9.2 If 9.1) is the case, then not only are simplicity favouring priors over parameter numbers and values compatible with scientific practice, they are, in fact, necessary. For these formulations of 4) and 5) it would be inconsistent not to employ a priori probability distributions over parameter numbers and values.
We can compare 9.1 to observations made by Hossenfelder and Wells.
The major problem with finetuning arguments both in cosmology and in particle physics is the reference to probabilities without defining a probability distribution, or, if a distributionis defined, the failure to explain where the distribution itself comes from.
If naturalness has any connection to the extra-empirical judgments of theory plausibility, which is surely what naturalness discussion is after, we have no recourse but to introduce probability measures across parameters of the theory.
The main idea is that simplicity assumptions provide these probability distributions, albeit implicitly.
The claims made in 9) are not general, but rather point to the possibility of accomodating naturalness into the framework of scientific practice in a principled way. This is a philosophical argument, because I provide no concrete specifications here for 4) and 5), or naturalness. So one cannot say whether naturalness follows in general, one can only say that it is conceivable, as in the above model, that it does.

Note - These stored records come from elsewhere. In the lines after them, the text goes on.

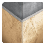
Para cortes precisos y limpios
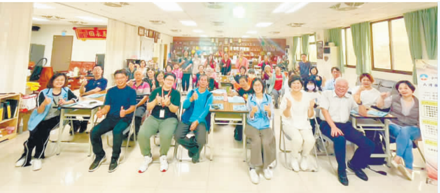
社會處在古寧頭社區辦理「社區共生、離您不遠」進階培力課程。

記者陳冠霖／綜合報導 社區共生是啥呢？我們社區正在做的種種福利服務是共生嗎？這是社區志願者們常常疑惑的。金門縣政府社會處將於3月30日第一階段培力課程，為能力養成實作基礎培力課程後，於4月27日上午9時在金寧鄉古寧頭社區活動中心辦理第二階段「社區共生、離您不遠」之進階培力課程。隨著高齡化、少子女化、實際關係的互動傳統逐漸轉變，「共生社區」的思維，成為現今社區發展的重要對策。因應此新的議題參與課程之社區幹部相當踴躍，共計有公所與社區幹部等58人參與。
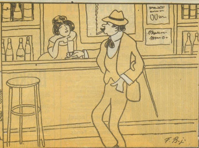
6. und setzte zum Schluß in einer american Bar einen schwedischen Punsch drauf.
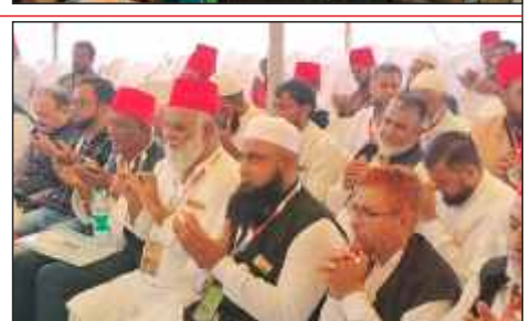
Dua -E- Khair for the AIMJF Degree College at Firdous Colony, Dhar Road, Parbhani
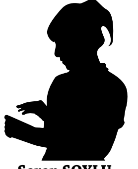
Serap SOYLU 10 TM-A

"mutluluktan ölüyorum". Kulaklarıma inanmamıştım. Bu acı ile haykıran ses mutluluktan ölüyordu. İnsan hiç mutlu olduğu için acı çeker miydi? Sesin sahibi gittikçe yaklaşıyor, bir nevi hüznümü kovalıyordu. Adımlar sıklaştı ve karşı kaldırımda durdu. Oturduğum köşenin en kuytu karanlıklarına gömüldüm. Bu mutlu yabancıyla sohbet etme niyetinde
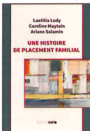
Livre sur les placements familiaux
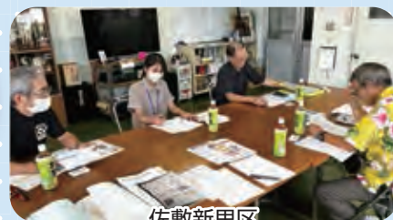
佐敷新里区 地域支え合い委員会

南城市社会福祉協議会での実習を通して、地域に出向き、地域住民と関わっていくことで、地域住民との信頼関係や地域での課題を発見していることを学びました。また、地域課題への対応は、ケースによって、異なるため、様々な機関を知っておくこと、多機関と連携し、住民の状況を把握することが重要になってくるということを学びました。さらに、近隣住民同士の繋がりの大切さ、地域住民同士の関わり場の大切さを学ぶことができました。
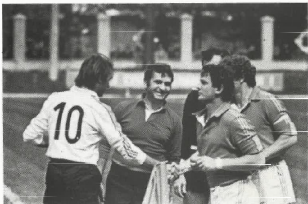
U.R.S.S. - España, 10 de mayo de 1981 en Kiev.
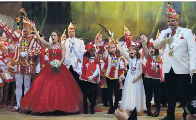
Die gesamte Karnevalsfamilie mit allen Würdenträgern auf der Bühne.

die Bühne ein. Und weil es im vergangenen Jahr so schön war, hatte sich ganz klammheimlich auch Olaf der Schneemann in den Feenwald aufgemacht, um den kleinen Tänzern auf der Bühne ordentlich einzuheizen und die Kinderaugen zum Staunen zu bringen.

We can imagine a scenario where we could go from the philosophical to the technical, in a way reminiscent of E.T. Jaynes’ reasoning robot. The key to this idea is the need to automate the relevant probabilistic reasoning, which forces the formalization of the method into precise mathematical instantiations. This would mean
Step 1. Choose some turing machine where the robot runs on
Step 2. Restrict the class of theories such that priors are computable
Step 3. Formalize the principles 4) and 5) into precise probability priors over theories
Step 4. Formalize naturalness
Step 5. Extract the logical relationship between the formalizations of Step 3 and Step 4.
This would give a concrete answer as to whether, in that scenario, naturalness follows from previous principles, and in effect, whether naturalness is consistent with and necessary for the robots’ “scientific practice”.
Note that Step 3 is related to Wells’ comment :
The critical discussion above leads to a credible skepticism to extra-empirical theory assessments (SEETA). We do not have a meta-theory that provides statistical distributions toparameters of theories, which is a key problem naturalness faces
Step 3 would, in effect, construct the meta-theory for the robot’s accepted scientific principles.